UNLESS, the parties settle. Here, because no infringement has yet occurred, proper settlement damages will in theory be “reverse”; that is, if there is a 50% likelihood that the generic has been kept off the market by an invalid patent, the branded drug holder may offer to pay the generic 50% of what it could have made by marketing the drug during that period (rather than the normal process of the infringer paying the patent-holder 50% or some other share of what it actually did earn from infringing).

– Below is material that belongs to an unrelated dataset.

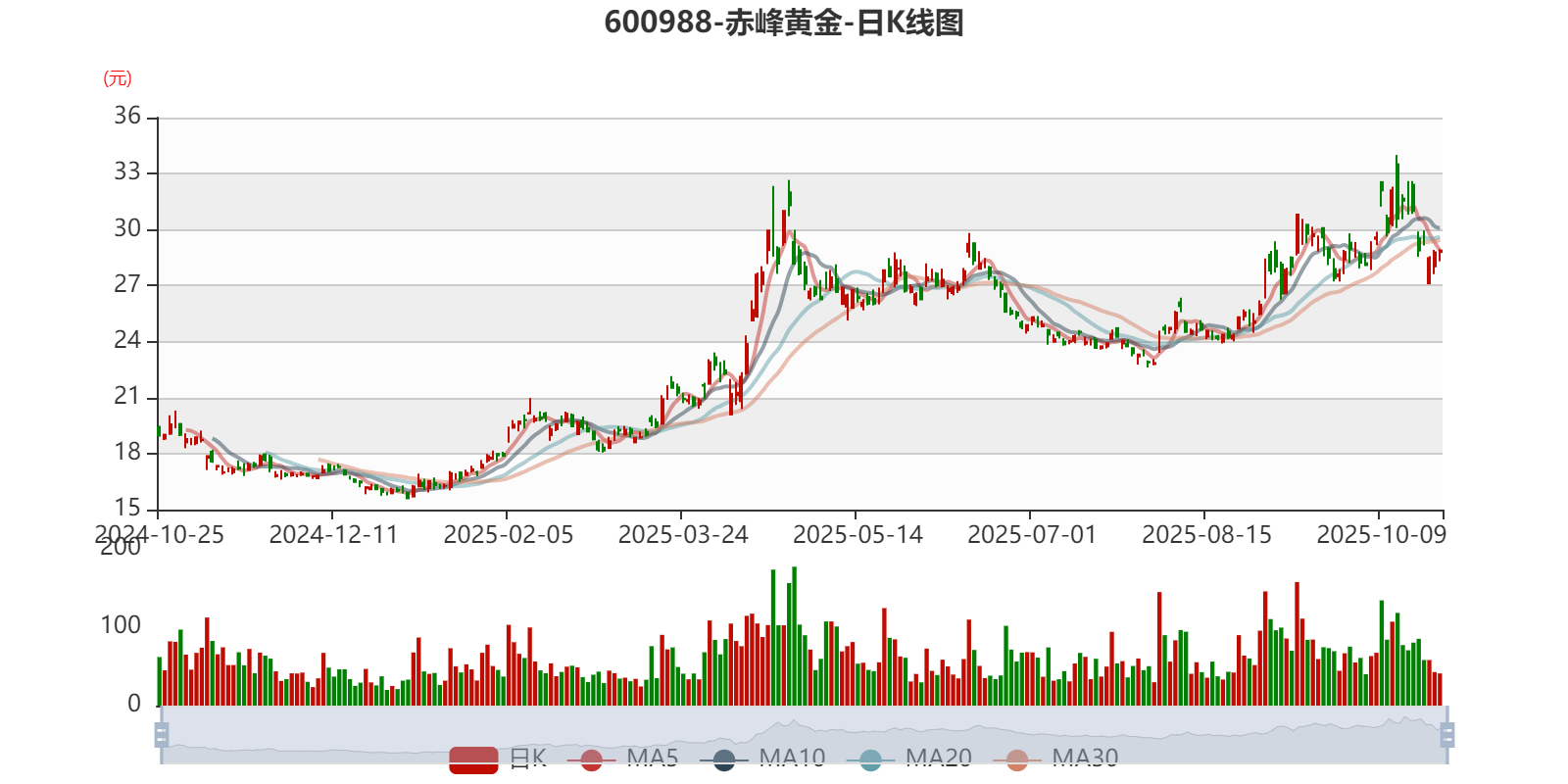 中证智能财讯赤峰黄金(600988)10月25日披露2025年第三季度报告。前三季度公司实现营业总收入86.44亿元,同比增长38.91%;归母净利润20.58亿元,同比增长86.21%;扣非净利润20.26亿元,同比增长95.14%;经营活动产生的现金流量净额为30.36亿元,同比增长51.54%;报告期内,赤峰黄金基本每股收益为1.14元,加权平均净资产收益率为19.23%。

The concern here is that both parties have an incentive for this payment to reflect more than just their best estimates of patent validity, damages or litigation costs (all legitimate considerations in a settlement), but rather to split up the monopoly profits. That is, if there are 6 years remaining on the branded drug’s patent, and the parties agree it is 50% likely that the patent is invalid, they could agree to a settlement that the generic would just wait 3 years to enter the market. When the branded company instead pays the generic “reverse damages” in return for an agreement to stay off the market for the full 6 years, there is a concern that the firms are essentially maintaining a bogus monopoly at the expense of consumers. If, say, BrandX sells for $100 per pill, and the market price under full competition is $20, brand and generic may agree to a pay-for-delay settlement in which brand pays generic $30 for each unit of BrandX sold for the remainder of the patent life. This allows them to split monopoly rents: brand makes $70 per pill, still well above the market price, for a drug that arguably should not have patent protection, and generic earns $30 per pill for doing nothing, much better than it could have done at market. This same sort of agreement can be done with generic performing some contract manufacturing for brand, also at those prices.